* [EXERCISE DESCRIPTION] The answer must be an exact copy of the lines from the one containing "Tutti gli esseri" through the last line of the records, with no pictures.

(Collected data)

-- Opening Marker --

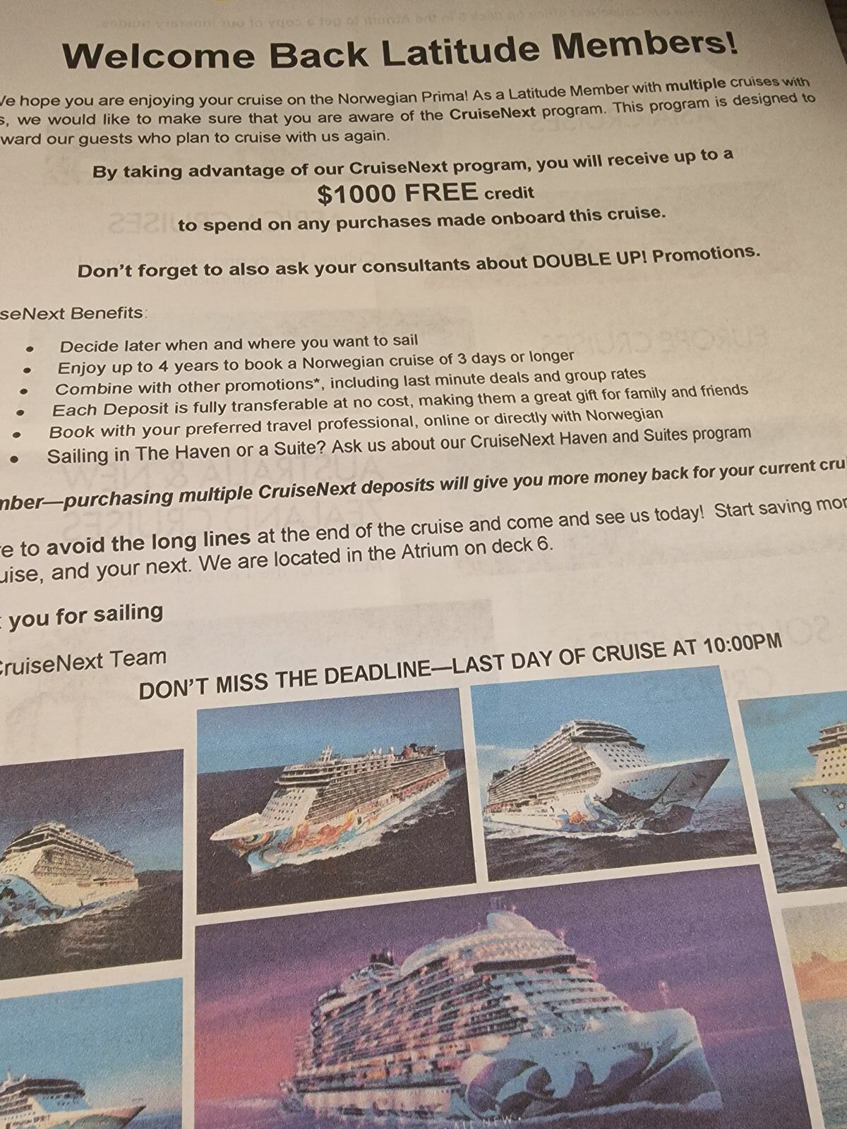 Novesia, es wirs morgen ein CruiseNext Event geben, wo die Vorteile der an Bord Buchung erklärt werden. Ich schreib dann mal wenn wir wieder im Hafen sind, was dazu. Oder vielleicht reicht Dir das?
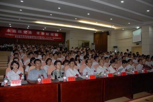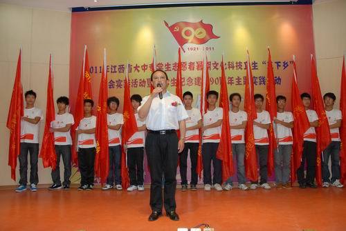 7月5日上午,由同济大学、井冈山大学、遵义师范学院、延安大学、中国人民大学联合举办的“杜鹃烂漫中国梦、青春辉映党旗红”全国大学生纪念建党90周年主题实践活动出征仪式在井冈山大学举行。团省委书记王少玄为主题实践团授旗并宣布出征。团省委副书记梅亦,吉安市委常委刘宗华,在校的校领导万继抗、金桂英、罗学渭、王伴青、肖长春、黄翔峰,党委委员吕玉华、龙学先,省学联驻会执行主席余冬青,团省委学校部部长李菲,团省委权益部部长许桂芳,团吉安市委书记曾亮等出席,肖长春致辞,校团委书记郭新春主持。中国人民大学、同济大学、延安大学、遵义师范学院,省内兄弟院校社会实践服务队的团委书记和师生代表以及我校“青年马克思主义者培养工程”——第三期“井冈之星”大学生骨干培训班学员、大中学生志愿者代表共300余人参加了会议。
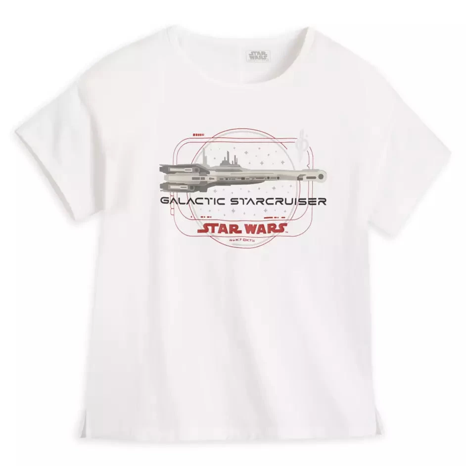 Celebrate your Star Wars: Galactic Starcruiser experience in the casual style and cool comfort of this souvenir scoop neck tee with screen art logo on front plus seamed back and vented hem.
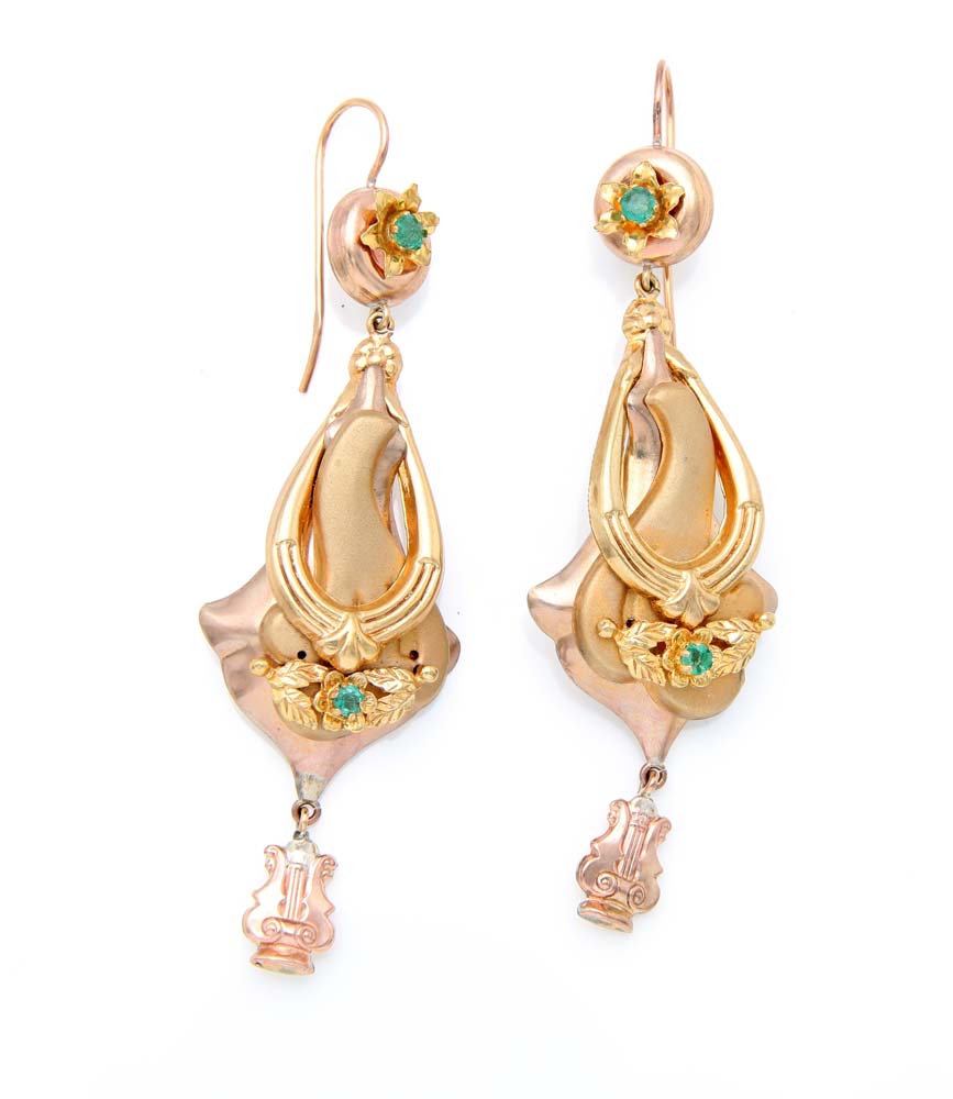 Coppia di orecchini pendenti in oro e smeraldi Oro a basso titolo. Peso complessivo gr. 10,1 Lunghezza cm 7
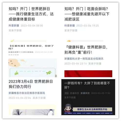 借助多媒體平臺(tái),發(fā)揮專家優(yōu)勢(shì)加大對(duì)活動(dòng)的宣傳力度,通過新疆科協(xié)官網(wǎng)等公眾平臺(tái)宣傳世界肥胖日活動(dòng)主題海報(bào)、世界肥胖日中國(guó)主題宣傳片等系列肥胖防控科普知識(shí)。組織專家、會(huì)員、注冊(cè)營(yíng)養(yǎng)師圍繞主題撰寫制作科普文章、科普短視頻等。通過科普新疆平臺(tái)發(fā)布原創(chuàng)科普文章2篇,通過新醫(yī)微訊、新疆疾控等10余個(gè)公眾平臺(tái)進(jìn)行專題宣傳,共發(fā)布科普專欄文章10多篇。
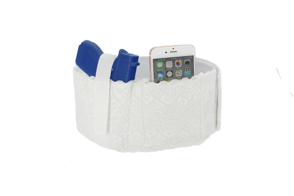 Our Lace Belly Bands are made for women by women who carry. Comfort-Wear elastic stretches around your waist to conceal one handgun and your choice of adding an accessory pocket. New design allows for quick and easy reholstering with our exclusive reholstering tab design; comes standard on all belly bands. Great for activities that require more movement or for deep concealed carry. Great midsection support and does not roll over. Belly bands offer extreme versatility as they can be worn and turned anywhere around your waist to position the gun in the front, on the side, cross-draw, and right or left hand.
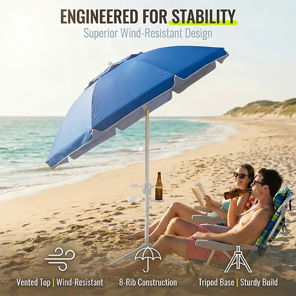 Supported by 8 durable fiberglass ribs—strong, flexible, and rust-resistant.
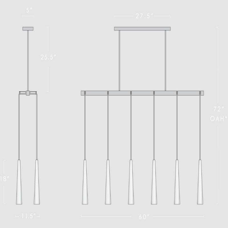 - Overall: 60" W x 11.5" D x 72" OAH*
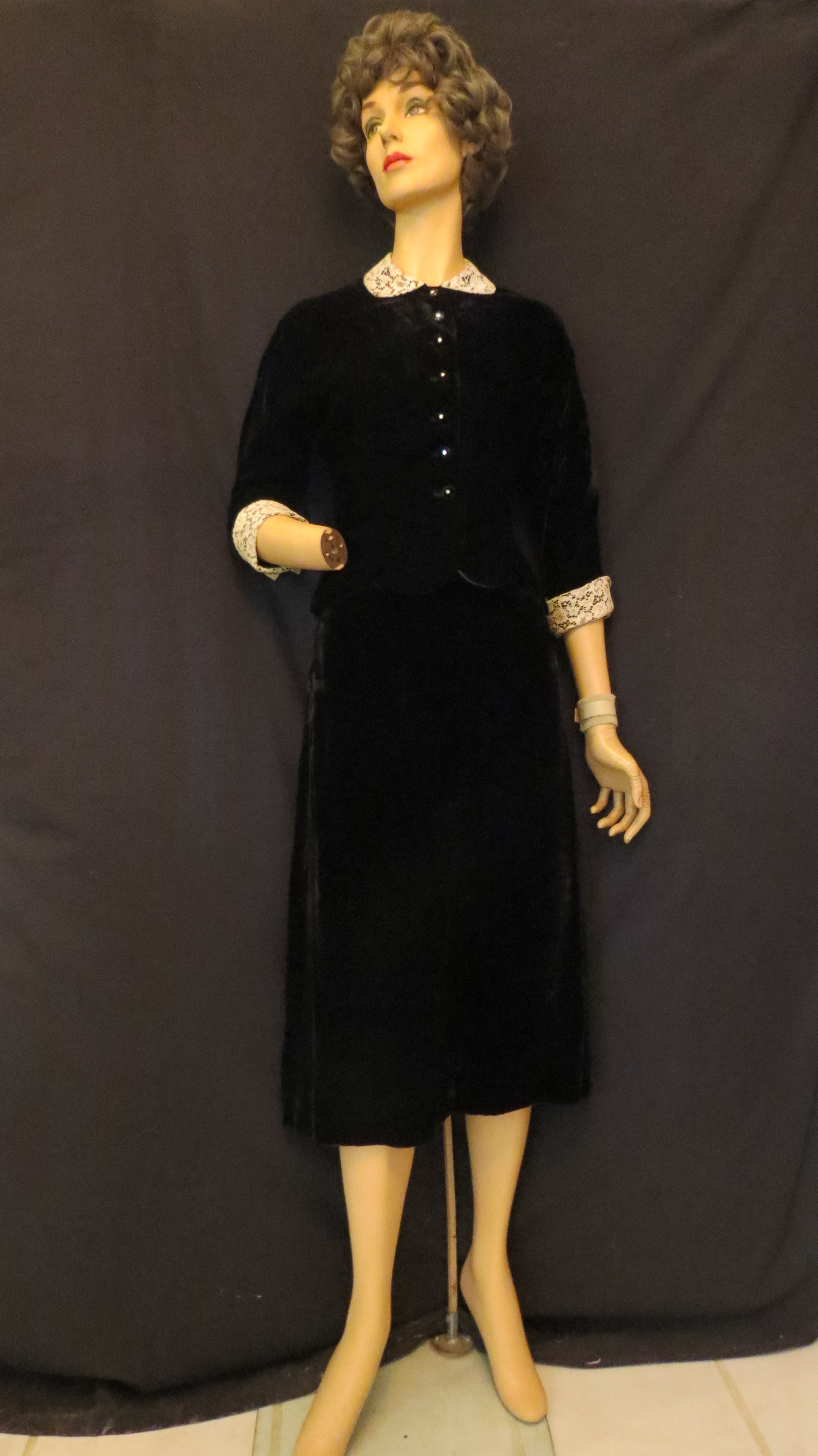 Finally, the black velvet two-piece dress is an entirely different design. Very proper and buttoned-up in velvet and crocheted lace, with rhinestone-center buttons.
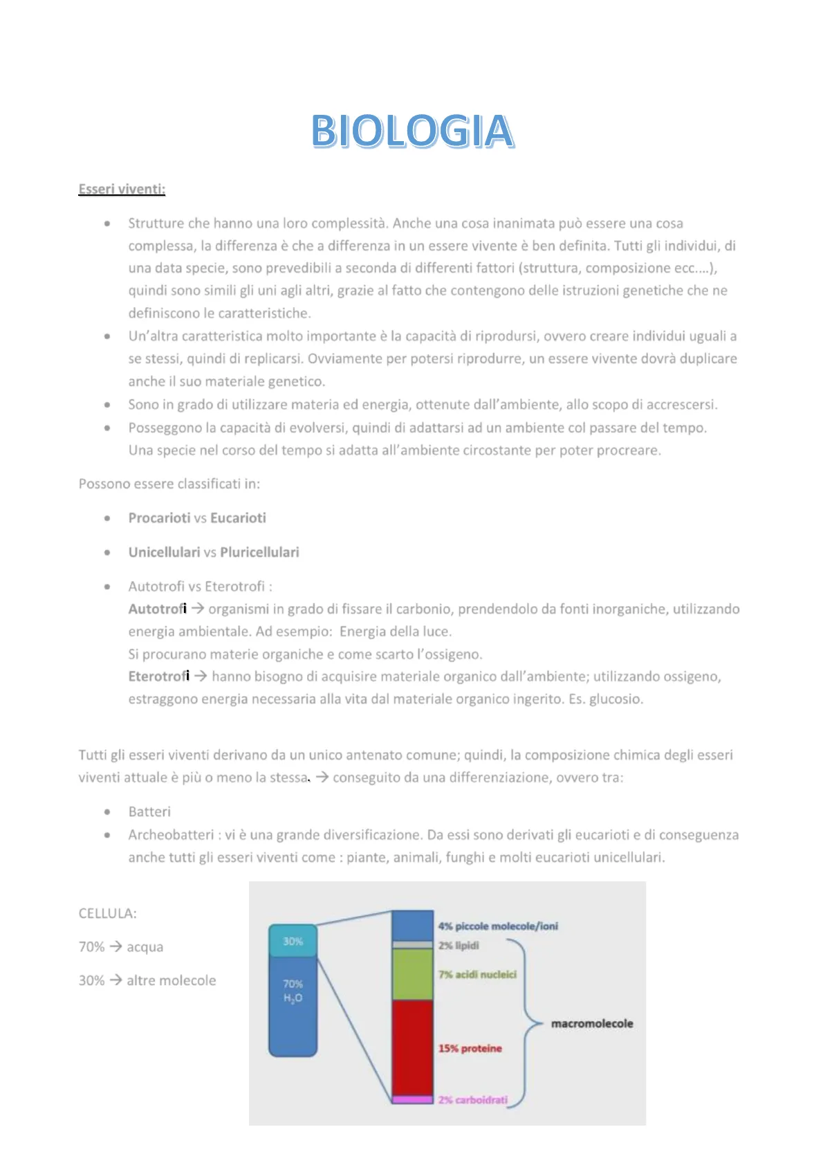 Tutti gli esseri viventi derivano da un unico antenato comune; quindi, la composizione chimica degli esseri viventi attuale è più o meno la stessa. > conseguito da una differenziazione, ovvero tra:
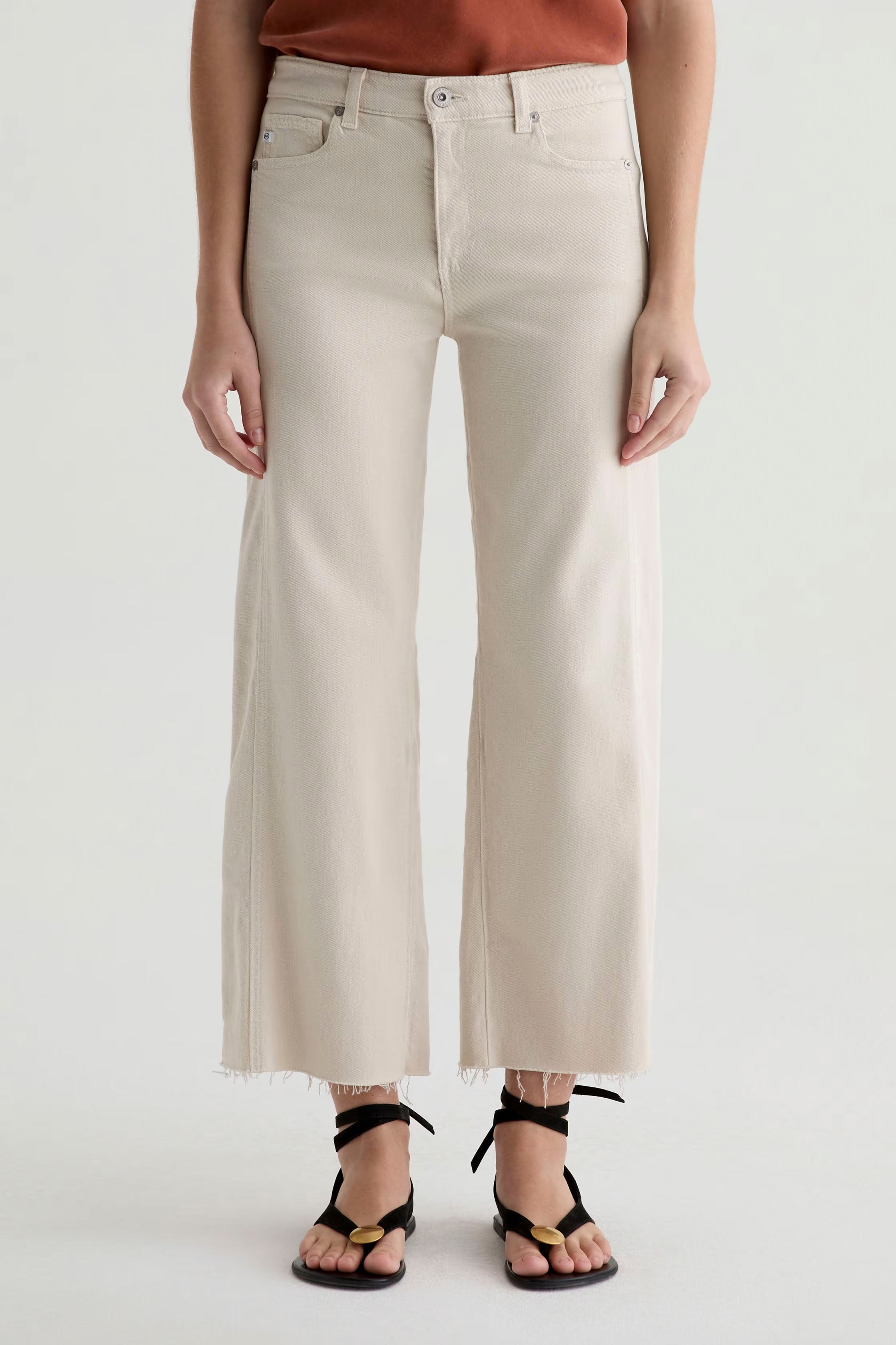 Experience effortless style and comfort with the AG Saige Wide Leg Crop Jeans. Crafted from 10 oz. Daytripper Raw Stretch Denim in a crisp white wash, these mid-rise jeans offer a flattering 27” inseam and a modern paneled design. The wide-leg cut combined with raw hems gives a fresh, contemporary edge, while the comfortable stretch fabric ensures all-day ease. Perfect for elevating your casual wardrobe with a blend of trend-forward detail and wearable comfort.
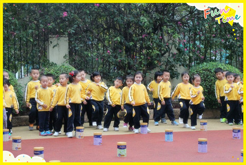 首先由小班小朋友们展示“奶粉罐操”

-- Closing Marker --

* [ANSWER SPACE]
 Tutti gli esseri viventi derivano da un unico antenato comune; quindi, la composizione chimica degli esseri viventi attuale è più o meno la stessa. > conseguito da una differenziazione, ovvero tra:
 Experience effortless style and comfort with the AG Saige Wide Leg Crop Jeans. Crafted from 10 oz. Daytripper Raw Stretch Denim in a crisp white wash, these mid-rise jeans offer a flattering 27” inseam and a modern paneled design. The wide-leg cut combined with raw hems gives a fresh, contemporary edge, while the comfortable stretch fabric ensures all-day ease. Perfect for elevating your casual wardrobe with a blend of trend-forward detail and wearable comfort.
 首先由小班小朋友们展示“奶粉罐操”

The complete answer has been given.